## Task requirements
Where the line with "Conférence de la Grande Remontée" appears below, start writing out lines exactly, and finish with the line with "A l'initiative des", which is included; write out nothing else.

## Input material

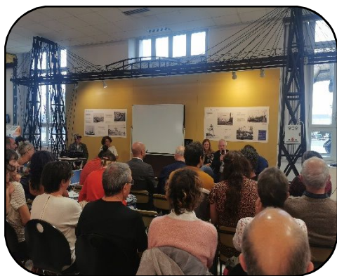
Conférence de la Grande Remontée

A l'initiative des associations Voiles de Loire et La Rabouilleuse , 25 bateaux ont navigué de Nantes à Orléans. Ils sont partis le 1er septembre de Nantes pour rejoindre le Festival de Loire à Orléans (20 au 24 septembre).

==

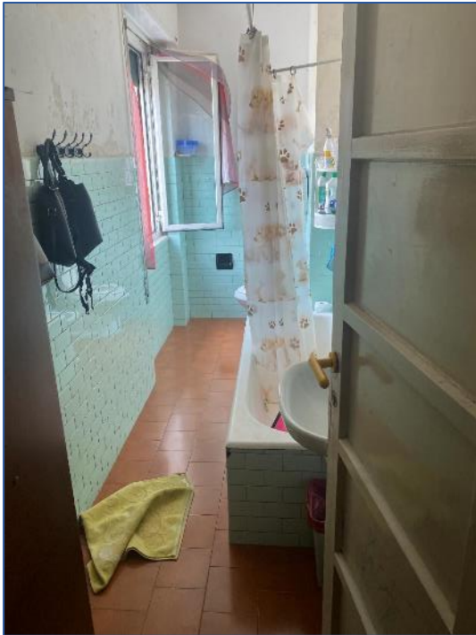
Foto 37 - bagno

## Answer to this task
Conférence de la Grande Remontée

A l'initiative des associations Voiles de Loire et La Rabouilleuse , 25 bateaux ont navigué de Nantes à Orléans. Ils sont partis le 1er septembre de Nantes pour rejoindre le Festival de Loire à Orléans (20 au 24 septembre).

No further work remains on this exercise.